Безумный, о котором собеседники забыли, тихонько запел:
Чайлд Роланд подходит к Темной Башне,
Слышно там, как кто-то говорит:
«Фи, фо, фам! Британской кровью пахнет!»
– Не иначе, этот мудрец напоминает нм, что мы слишком заговорились о посторонних вещах, – сказал магистр. – Давай лучше вернемся к истории короля Леира. Что там тебя еще не устраивает?
– Некоторая нелогичность. Зачем Леир испытывал дочерей? Ведь Гонорилья и Регау отобрали у него владения в результате войны. Вот если бы они своей лестью добились, чтоб он им сам добровольно все отдал…
– Брат Мадок! Ты сам бросил мне упрек, что история похожа на сказку, а теперь говоришь такую несообразность. Король может добровольно отдать свои владения только в приступе безумия, а Леир безумным не был. Он был изгнанником и скитальцем, но не безумцем.
– Сие сказано отнюдь не в упрек. Мерлин изрекал свои пророчества именно будучи безумным скитальцем.
– Мерлин не был королем.
– Многие говорят иное. «Был он король и пророк: народом гордым деметов правил и предрекал грядущие судьбы монархам»…
– Это из твоей поэмы?
– Да.

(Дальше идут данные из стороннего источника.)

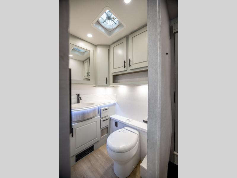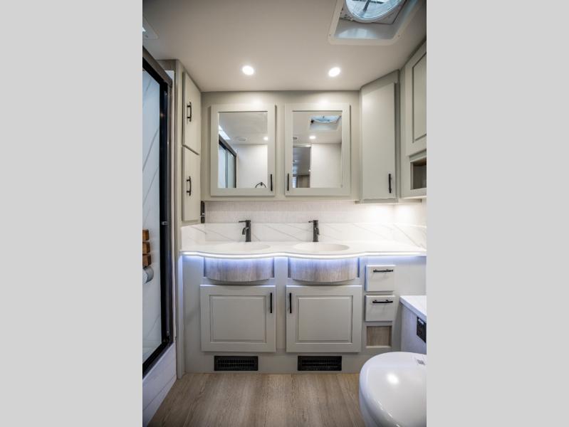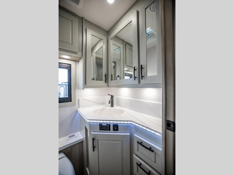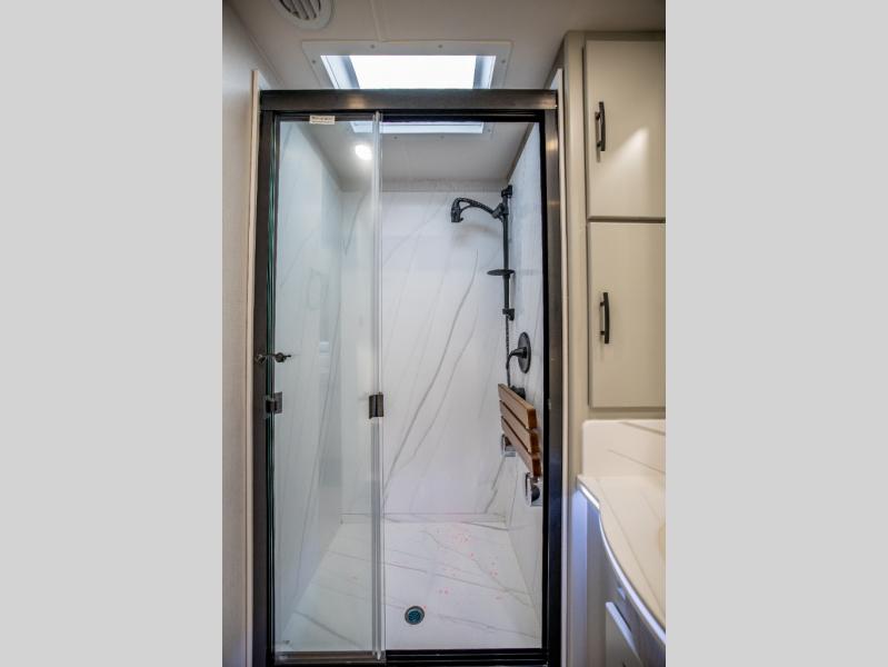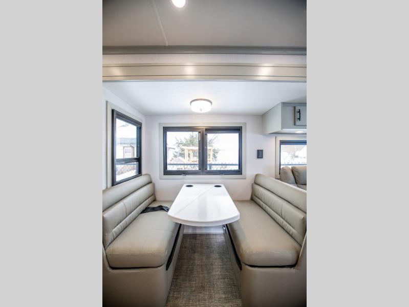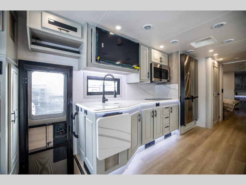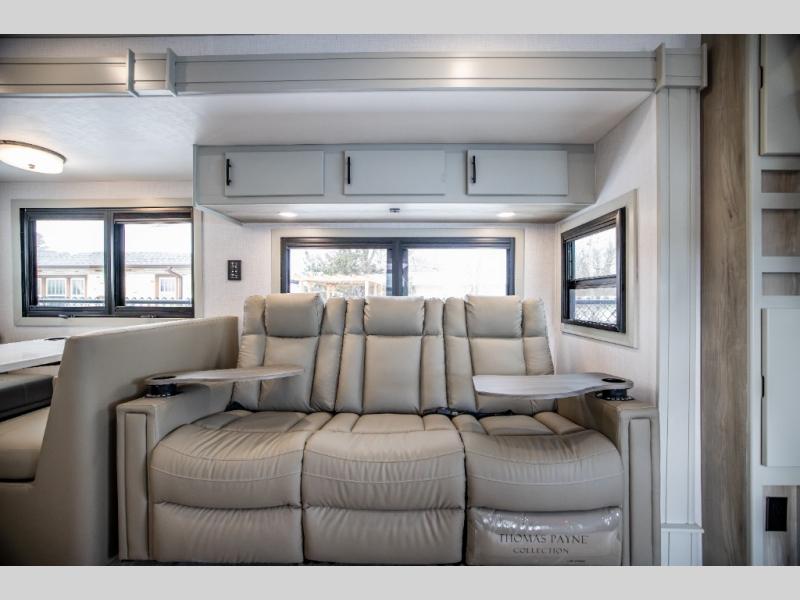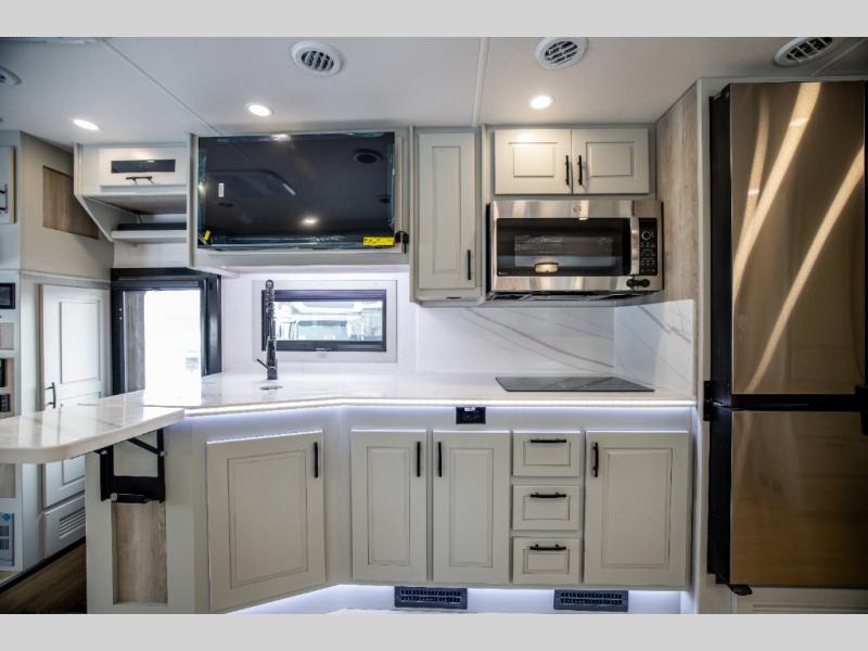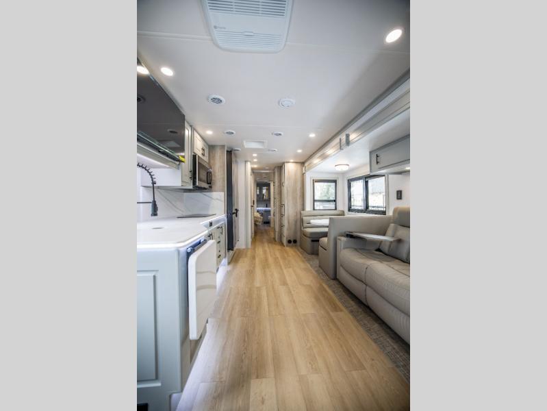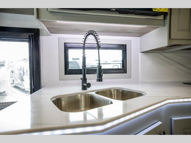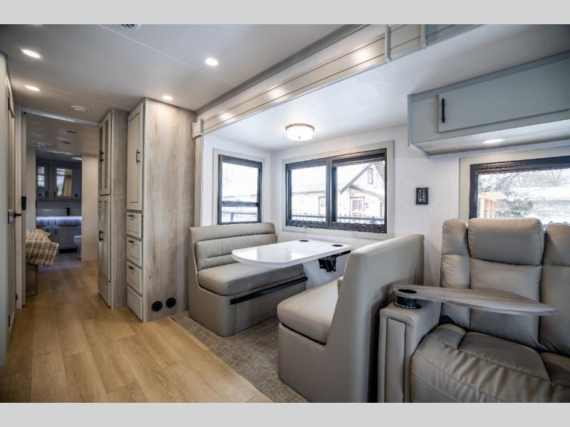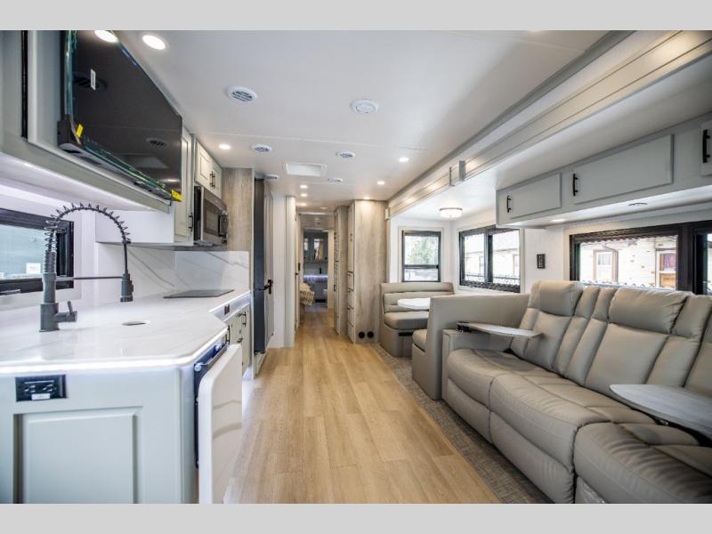 It's a clean decision with a bath and a half to take this motorhome on your next trip! The full rear bathroom has a radius shower to freshen up in, a closet to keep your towels close, and a dual sink vanity for two to get ready at once. It also creates a master suite with a king bed slide across from a dresser with a 32" TV and wardrobes on either side of it. Across from the half bathroom is a closet that is prepped to add an optional washer and dryer for clean clothes throughout your entire trip. You will have everything you need to prepare your best meals including a countertop extension. Enjoy your meals, play card games, and even transform into a sleeping space all with the Dream Dinette. The tri-fold sofa sleeper not only has seatbelts for traveling, but also can transform into a sleeping space too. You can also choose to add the optional bunk over cab for more sleeping space or switch out the sofa for the optional theaters seats!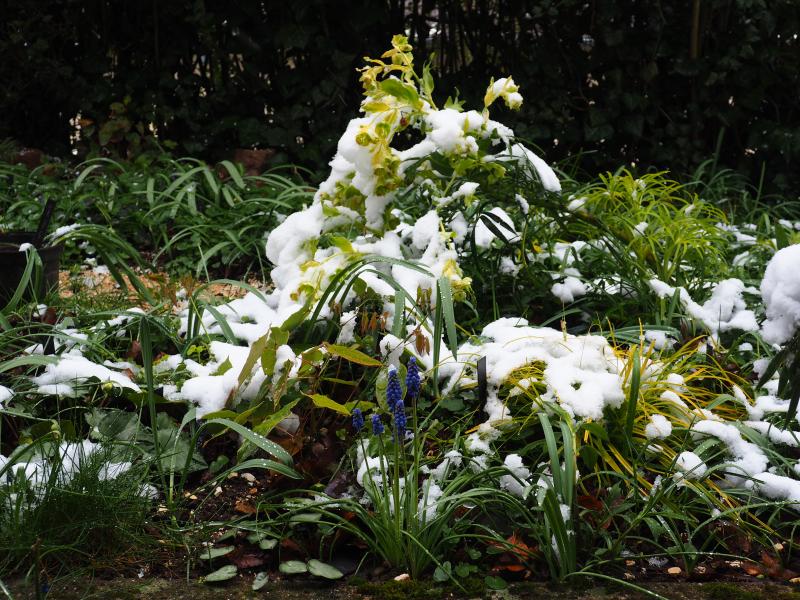 das eine Muscari hat eine weiße Haube. Sieht man nicht, der Hintergrund ist auch weiß, nochmal raus und weg ist die Schneehaube auf dem Muscari. Dumm gelaufen.

Я поставил себе целью воспеть жизнь и пророчества Мерлина.
– Превосходно. Только, если ты будешь излагать его пророчества, люди, пожалуй, скажут, что это я написал.
– Мне сие лестно.
– Не скромничай. Полагаю, поэма твоя будет иметь успех. Люди всегда хотят слышать о пророчествах, о королях, возвращающих законный престол, и о принцах, потерянных и найденных.
– Это верно. Я тоже слышал, будто брак Матильды с германским императором не был бездетен – у них будто бы родился сын, но его во младенчестве похитили и тайно увезли… как Артура. А ведь шла о событиях совсем недавних. Вот увидишь, как подхватят и расцветят истории из твоей книги!
– Господи всемилостивый! Что англичане смыслят в наших преданиях? И что они смогут к ним добавить?
Мадок не успел ответить. Вошел аббат – отец Маэль, плотный человек, из-за теплой одежды, поддетой под облачение, казавшийся толще, чем был в действительности.
Клирики приветствовали его, как подобает, а Бедный Том постарался забиться в угол, хотя аббат не обратил на него внимания.
– Мир вам, братья. Я хочу поговорить с тобой, брат Гальфрид (он назвал магистра его латинским, а не валлийским именем). Пришли богомольцы с той стороны границы… может, лучше назвать их беженцами… они долго шли, потому вести уже не новы, но…
– Дурные вести?
– Это зависит от того, – медленно произнес аббат, – чью сторону держит тот, кто слышит о них.
– Что случилось?
– Отряды короля Стефана захватили Оксфорд. То есть «захватили» – не совсем верно. Они его полностью сожгли.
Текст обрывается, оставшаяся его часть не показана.